It’s important to keep accurate track of grain inventory – by Terry Betker

It’s important to keep accurate track of grain inventory

I remember kicking through the snow in the middle of winter, trying to find some decent-sized stones to throw against a granary when trying to figure out how much grain was in it.

It wasn’t an exact science. The stone throwing technique was easier than putting up a ladder. Maybe safer too. The ladder was preferred of course. Look inside, and count the rings. I was never good at correctly factoring in the inverse cone when grain had been taken out, but estimates were made.

Grain coming off the field was often tricky to get a handle on. There weren’t any grain carts. Combine yield monitors didn’t exist. Harvest production reports for crop insurance were based on an estimated yield per acre, often derived by the amount of grain in the bins.

It was common to have lots of bins in many different sizes, tending to be small. Years ago, a 5,000 bushel capacity bin was a large bin. When I stopped farming, our largest granary was 10,000 bu. but we used lots of 1,300 bu. bins.

But all that was then and this is now.

Thinking back, keeping accurate inventory information was, or should have been, always important. Did it matter as much? I guess likely, as operating loans were margined against inventory. Would the stone throwing bin measurement technique have ever “benefitted” the farmer when submitting inventory on-hand reports? I’ll leave that to everyone’s imagination, but I digress.

An operating loan is typically either margined against land or inventory. Even with having operating loans secured by land, lenders will take security positions on grain inventory using GSAs or Section 427s. These practices have not changed much.

There have been changes in inventory reporting requirements compared to 15 years ago. For the period from about 2008-18, I didn’t see many farms that were required to submit quarterly inventory reports. Quarterly reporting was certainly the norm in the preceding years.

I think we are heading back there — to a need for quarterly reporting — but for different reasons.

Certainly, as some farms experience working capital shortfalls, lenders will want to get regular updates so margins can be monitored.

The reasons for adopting quarterly reporting that I’m referring to are focused inwardly toward managing the farm business.

The quarterly reporting that farmers should be compiling includes balance sheets, accrued income and cash flow statements. The income statements and cashflow statements are highly dependent upon the grain sales, both volume and price, that have taken place. Farmers need to know where they are at financially throughout the year and not just at year end.

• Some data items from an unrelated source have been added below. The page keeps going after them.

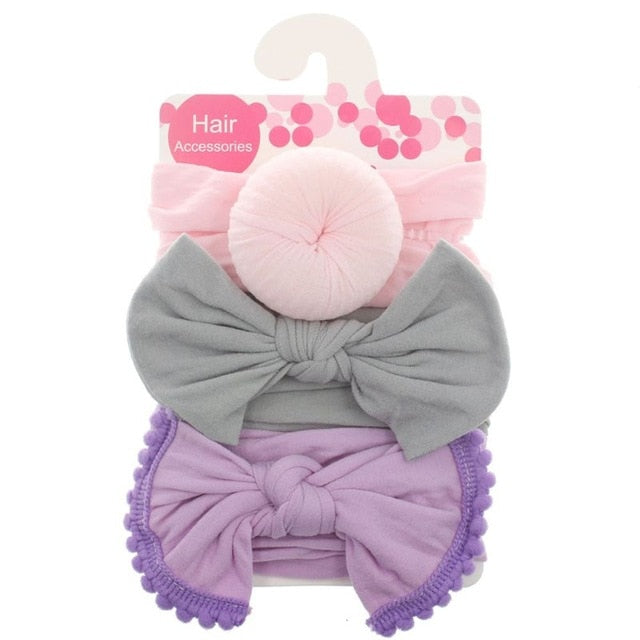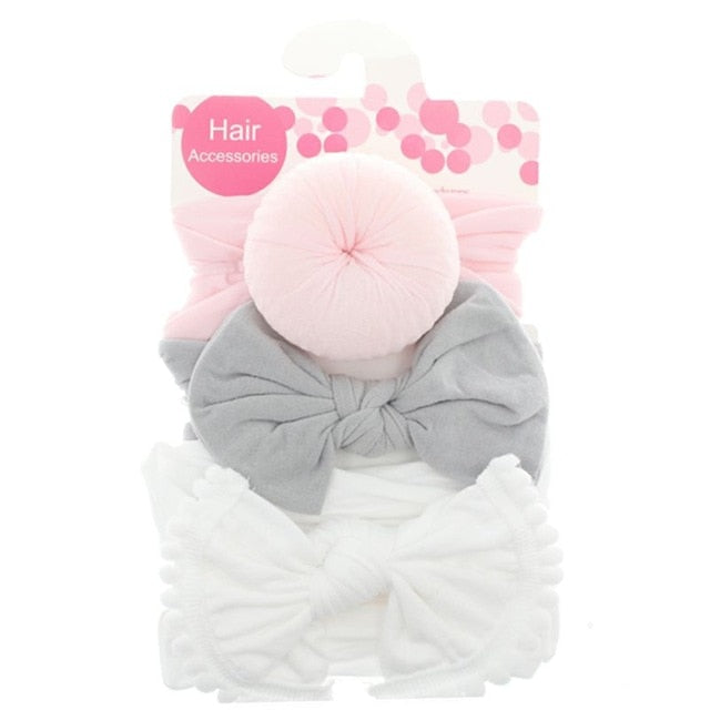 3pcs/Set New Solid Nylon Headband Bow Headbands For Cute Kids Girls Hair Girls Turban Hairband Children Soft Cotton Headband
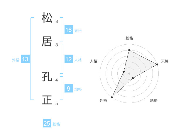 松居 孔正さんの天格は16画の5点!
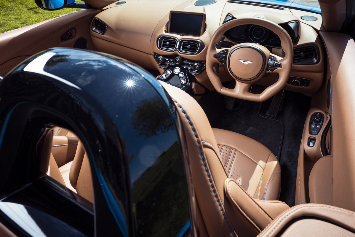 不同於品牌旗下DB11與DBS敞篷版本,ASTON MARTIN為Vantage Roadster打造專屬Z型軟頂折疊車篷,高達8層之結構設計,採用當代先進隔音與防風雨技術,在時速50KM/H的狀態下,開篷所需時間為6.7秒、關篷亦僅需6.8秒,為目前市售敞篷車中最快開關篷的車款。鋁合金打造之ROPS (Roll-Over Protection System) 系統,源自於先進航太技術,有效打造輕量化堅固車身、優化內部空間布局,與細緻動力調校相互搭配,確保Vantage Roadster擁有與一般版本匹敵之優秀動態性能,並使敞篷版本與硬頂雙門版本相比,車身重量僅小幅增加60KG,完整保留New Vantage 所訴求的輕巧靈動;此外,除了頂篷的快速收放,Vantage Roadster的收納空間表現亦傲視於同級產品,擁有200升後廂空間,可放置一組高爾夫球具或行李箱,緊扣ASTON MARTIN重視生活美學的品牌精神。

This brings us back to the need to accurately track grain inventory so changes in inventory can be used to calculate accrued income and to align future grain sales with available inventory. Confidence with inventory tracking needs to start right from the field.

The importance of quarterly reporting and associated inventory tracking is another impact of high commodity prices. The challenges of accurately recording inventory are not new, as I’ve mentioned. The issues existed when prices were historically much lower. Today’s prices of $25 per bushel canola and $14 per bu. wheat magnify the challenges.

I’m going to use 5,000 acres in my examples, which would tend to be a larger than average-sized farm. Challenges related to inventory tracking, though, exist for both larger and smaller farms.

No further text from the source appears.